This recipe puts a healthier spin on the classic college ramen soup, using fresh ingredients and a flavorful broth. It's easy to make and perfect for busy students looking for a quick and nutritious meal.
Ingredients
- 2 packs of ramen noodles
- 4 cups of low-sodium chicken or vegetable broth
- 2 cups of water
- 1 cup of sliced mushrooms
- 1 cup of spinach
- 1 carrot, thinly sliced
- 2 eggs
- 2 green onions, chopped
- Soy sauce, to taste
- Sesame oil, for drizzling
- Crushed red pepper flakes, optional for heat
Directions
- In a pot, bring the broth and water to a boil.
- Add the mushrooms, spinach, and carrots.

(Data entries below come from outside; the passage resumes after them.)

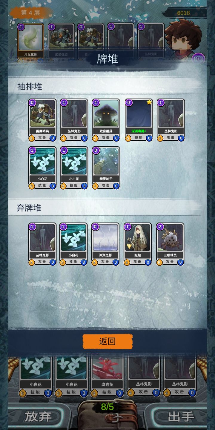 本来20张牌,重开变18张,少哪两张不知道,反正我没有带移出战斗的牌,唯一的一张深渊毒雾也升级了。
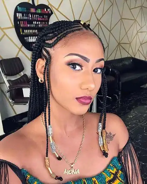 6. Beaded Fulani Braids: Elevate your Fulani braids with beads in various sizes and colors. Place them at the ends or intersperse them for a vibrant and eye-catching look.
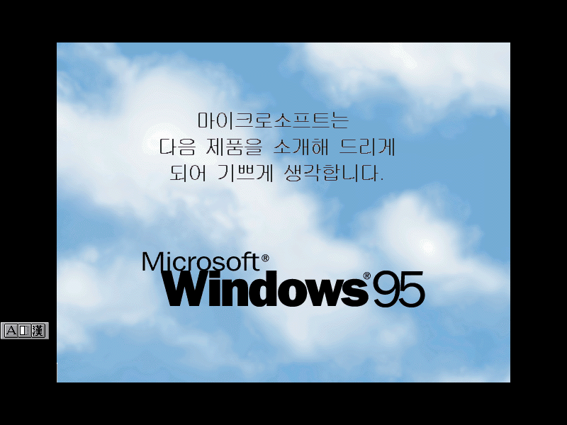 윈도우 95의 파란 하늘이 반겨줍니다. 마이크로소프트가 기쁘게 생각한다네요.
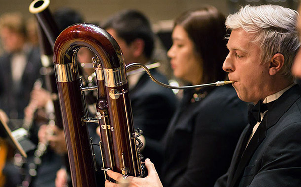 巴松的发音与实际记谱相符,一般采用低音谱号、次中音谱号记谱,偶尔也使用高音谱号。大管是一种极为出色的独奏乐器,常常在演奏中担任独奏(solo),它浑厚圆润的音色表现出了独特的艺术魅力。要想吹奏出集中、有光泽、弹性好且穿透力强的理想音色,口型和气息的控制是至关重要的。正确的口型,良好的胸腹式呼吸和气息支持对音色的质量起着非常重要的作用。
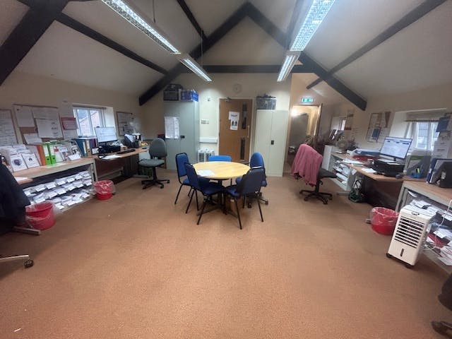 The main office space comprises a large open plan area with two partitioned rooms. The office space is well presented. The ceiling has feature beams and Cat II lighting. There is carpet floor covering and double glazed windows with internal window blinds and dado level trunking.
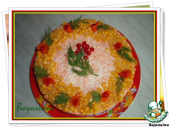 Дальше оставшуюся кукурузу выкладываем в виде кольца на слой морковки.
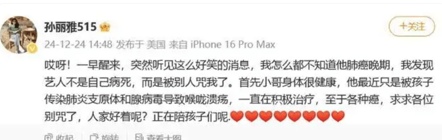 此前,齐秦的妻子孙丽雅也迅速作出回应,发布了详细的辟谣声明。她明确表示,齐秦并非如传言所说的处于肺癌末期这般严重的状况,只是喉咙溃疡而已。而且,齐秦已经在积极接受治疗,目前病情稳定,正在逐步恢复中。孙丽雅写道:“突然听见这么好笑的消息,我怎么都不知道他肺癌晚期,我发现艺人不是自己病死,而是被别人咒了。首先小哥身体很健康,他最近只是被孩子传染肺炎支原体和腺病毒导致喉咙溃疡,一直在积极治疗,至于各种癌,求求各位别咒了,人家好着呢?正在陪孩子们呢。”
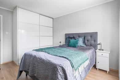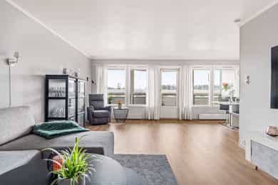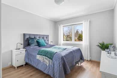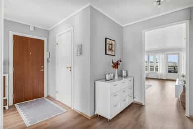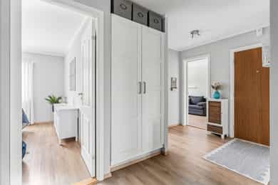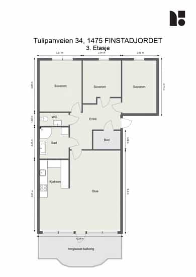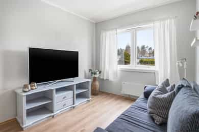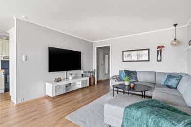 Entré Leiligheten har adkomst via felles trappegang til tredje etasje. Entréen er innbydende og sørger for et godt første inntrykk! I entréen er det god plass til å innrede med knaggrekke, skohylle eller lignende. Det medfølger garderobeskap. Stue Stuen er et sosialt oppholdsrom hvor du fint får plass til både sofagruppe og spisebord. De store vinduene og utgang til balkong gir naturlig lystilførsel til rommet og bidrar til en hyggelig atmosfære. Det er laminat på gulv og lysmalte vegger. Fra stuen har du tilgang til en sydvendt innglasset balkong. Kjøkken Kjøkkenet ligger i delvis åpen løsning mot stuen. Praktisk utformet med store dype skuffer og har rikelig med skap- og benkeplass. Den pene kjøkkeninnredningen har hvite fronter, laminat benkeplate og fliser på vegg. Det er god plass til en spisegruppe ved vinduet. Hvitevarene på kjøkkenet medfølger. Bad og toalettrom Delikat bad med fliser på gulv og vegger samt gulvvarme. Innredningen består av servantskap med skuffer og speilskap med belysning. Videre er badet utstyrt med dusjhjørne med innfellbare glassdører. Det er opplegg for vaskemaskin. Vegg-i-vegg med badet finner du et eget toalettrom. Soverom og lagring Det er tre soverom i leiligheten, alle av god størrelse. Det medfølger garderobeskap på alle soverom. Det ene soverommet blir idag benyttet som en ekstra stue. Det disponeres kjellerbod på 5 kvm for ekstra oppbevaring.

Cook for 2-3 minutes.
- Add the ramen noodles and cook according to package instructions.
- In a separate pot, boil water and poach the eggs for 3-4 minutes.
- Once the noodles are cooked, divide the soup into bowls.
- Top each bowl with a poached egg, chopped green onions, soy sauce, sesame oil, and red pepper flakes.
- Serve hot and enjoy!
Interesting Facts
Adding fresh vegetables to ramen soup increases its nutritional value.
Poaching the eggs adds protein and a creamy texture to the soup.
Using low-sodium broth helps reduce the overall salt content of the dish.